View From a Height
Commentary from the Mile High City
Wednesday, November 03, 2004

Regionalism & A Word of Caution 

There's been a lot of discussion of the collapse of the Democratic Party in the South. That's fair. The numbers are indisputable, from governorships to House seats to Senators to state legislatures. The lineup is making is structurally impossible for the Democrats to take back the House, difficult to be competitive in the Senate, and puts them at a large disadvantage in the Electoral College.

And yet.

Take a look at the Northeast. See any red? Me either.

Take a look at the margins in these states. Aside from Pennsylvania and New Hampshire, they weren't even close. In the upper midwest, with the exception of the Illinois Implosion, the party is still competitive, or newly competitive.

The party remains viable in most of those states. A number have Republican governors. Left-leaning or centrist Republicans can get elected to the Senate. Connecticut and New Hampshire can still elect Republican congressmen. But the parties have shown steady erosion.

Among state legislatures, the Republicans control only 6 chambers total in that blue region: New Hampshire and Pennsylvania outright, and splitting New York and Delaware. This is an even worse showing than the Democrats in the south.

Over time, voters will discover that they're happier voting for left-leaning Democrats than for left-leaning Republicans who lose their power to Southern conservatives and vote with a conservative caucus. More blue; less red.

There's a reason that George Pataki and Rudy Giuliani will never win the nomination. They may be law-and-order, strong-defense Republicans. But neither really has much spending discipline, and both are pretty leftish on social issues. It's a reason that there are so few northeastern Republicans in leadership positions, and as Powerline points out, it costs us more than distinctive rhetoric.


Watching Giuliani reminded me of one of the costs of the party's decline in the Northeast. The party's leaders are now generally Southwestern and Midwestern; as such, their styles tend to be laconic and soft-spoken. Giuliani is urban, Italian and Northeastern to the core, and he needed those traditions to deliver the speech he gave last night.

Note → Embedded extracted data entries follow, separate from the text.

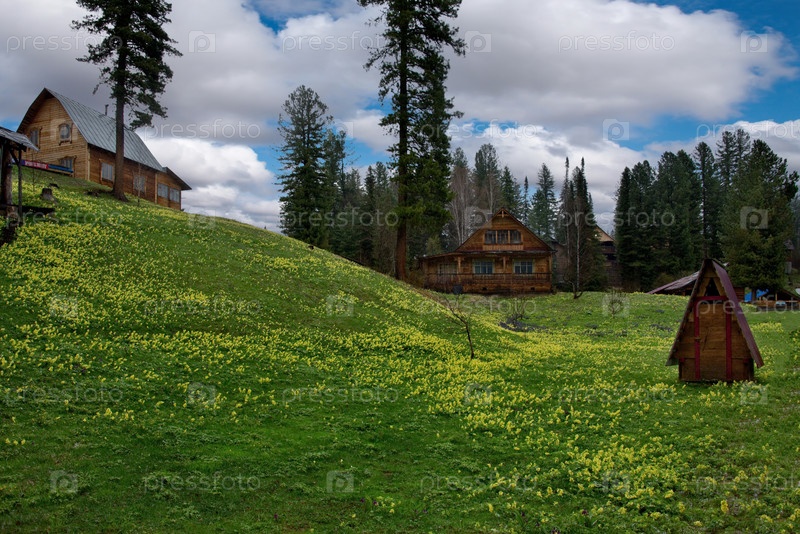 Россия, Сибирь, Кузнецкий Алатау. Тайга у дачного поселка в окружении цветущих весенних первоцветов
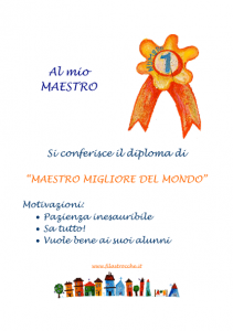 Al Maestro migliore del mondo! Per fare un regalo simpatico e originale, stampa il diploma di Filastrocche.it, firmalo, arrotolalo e decoralo con un nastrino colorato. E regalalo al tuo maestro preferito. Sarà contento!
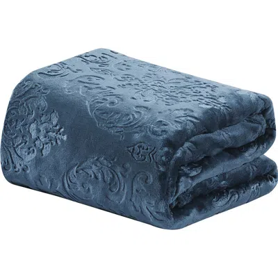 LUXURY HOME Embossed Versailles Throw Blanket In Blue
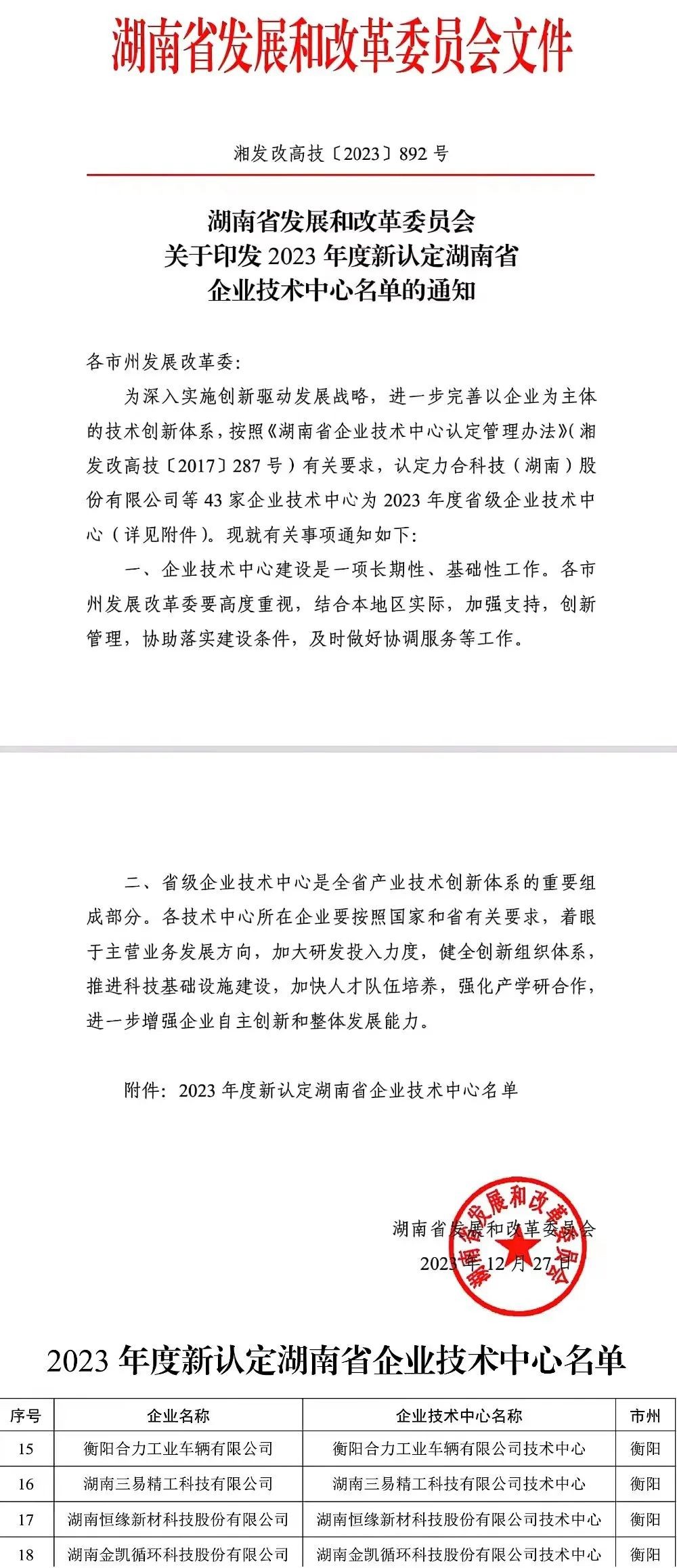 近日,省發(fā)改委發(fā)布2023年度新認(rèn)定湖南省企業(yè)技術(shù)中心和2023年湖南省工程研究中心名單,我市共有7家單位上榜,其中新認(rèn)定合力工業(yè)車輛、三易精工科技、恒緣新材科技、金凱循環(huán)科技等4家省級(jí)企業(yè)技術(shù)中心,美蓓達(dá)科技、南華大學(xué)、湖南工學(xué)院3家單位列入省級(jí)工程研究中心建設(shè)項(xiàng)目計(jì)劃。截至目前,我市省級(jí)企業(yè)技術(shù)中心已達(dá)28家,省級(jí)工程研究中心已達(dá)25家。

This needs to be addressed. Just as smart Democrats are looking to reconnect with the south, so smart Republicans need to find a way to make their party acceptable to people in New York. A national party needs to have national acceptance. First of all, not everything that turned red last night will always be so reliable. Look at what happened in Colorado. Secondly, as the Democrats are finding out, the longer you're out of touch with one part of the country, the harder it gets to reconnect. It also becomes more difficult to govern that part of the country, to draw on its talents and resources when they're needed.

The President has put together a remarkable coalition, but like all political achievements, it's written on water. Probably sooner than we think, we'll either need, or regret not having, one or more of those states.